__DATA SEGMENT__.

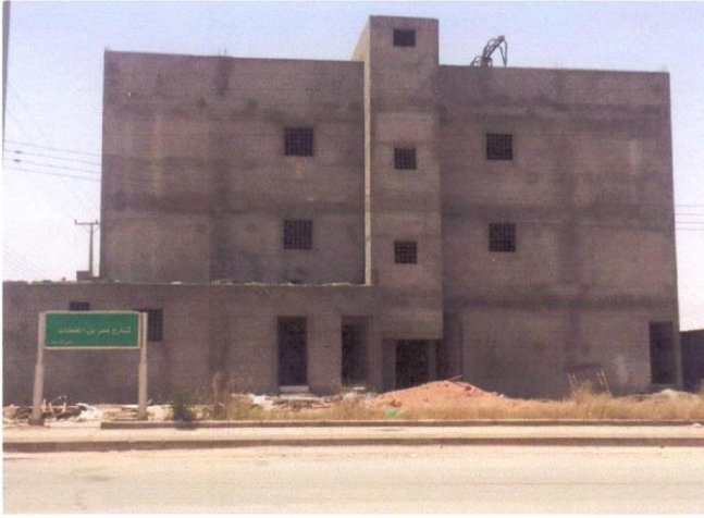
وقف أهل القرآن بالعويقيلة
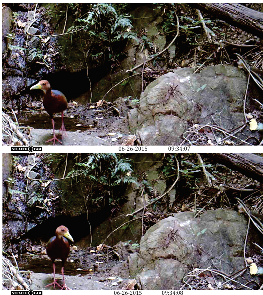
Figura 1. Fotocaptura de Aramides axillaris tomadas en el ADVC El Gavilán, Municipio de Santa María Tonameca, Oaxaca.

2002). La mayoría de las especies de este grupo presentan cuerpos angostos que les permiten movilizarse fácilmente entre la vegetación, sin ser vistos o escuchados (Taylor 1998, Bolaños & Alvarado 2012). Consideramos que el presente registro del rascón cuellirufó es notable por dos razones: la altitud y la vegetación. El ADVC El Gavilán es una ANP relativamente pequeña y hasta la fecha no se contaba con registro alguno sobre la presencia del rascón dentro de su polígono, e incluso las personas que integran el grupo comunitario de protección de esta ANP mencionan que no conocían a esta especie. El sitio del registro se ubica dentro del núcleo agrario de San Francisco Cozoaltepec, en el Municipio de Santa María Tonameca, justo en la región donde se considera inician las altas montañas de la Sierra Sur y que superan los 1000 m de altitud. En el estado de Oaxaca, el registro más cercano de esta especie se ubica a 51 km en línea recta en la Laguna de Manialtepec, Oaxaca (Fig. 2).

__WHAT IS EXPECTED__.
Faithful copy, images left out: write out every line of data.

__SOLUTION FOR THIS TASK__.
وقف أهل القرآن بالعويقيلة
Figura 1. Fotocaptura de Aramides axillaris tomadas en el ADVC El Gavilán, Municipio de Santa María Tonameca, Oaxaca.

2002). La mayoría de las especies de este grupo presentan cuerpos angostos que les permiten movilizarse fácilmente entre la vegetación, sin ser vistos o escuchados (Taylor 1998, Bolaños & Alvarado 2012). Consideramos que el presente registro del rascón cuellirufó es notable por dos razones: la altitud y la vegetación. El ADVC El Gavilán es una ANP relativamente pequeña y hasta la fecha no se contaba con registro alguno sobre la presencia del rascón dentro de su polígono, e incluso las personas que integran el grupo comunitario de protección de esta ANP mencionan que no conocían a esta especie. El sitio del registro se ubica dentro del núcleo agrario de San Francisco Cozoaltepec, en el Municipio de Santa María Tonameca, justo en la región donde se considera inician las altas montañas de la Sierra Sur y que superan los 1000 m de altitud. En el estado de Oaxaca, el registro más cercano de esta especie se ubica a 51 km en línea recta en la Laguna de Manialtepec, Oaxaca (Fig. 2).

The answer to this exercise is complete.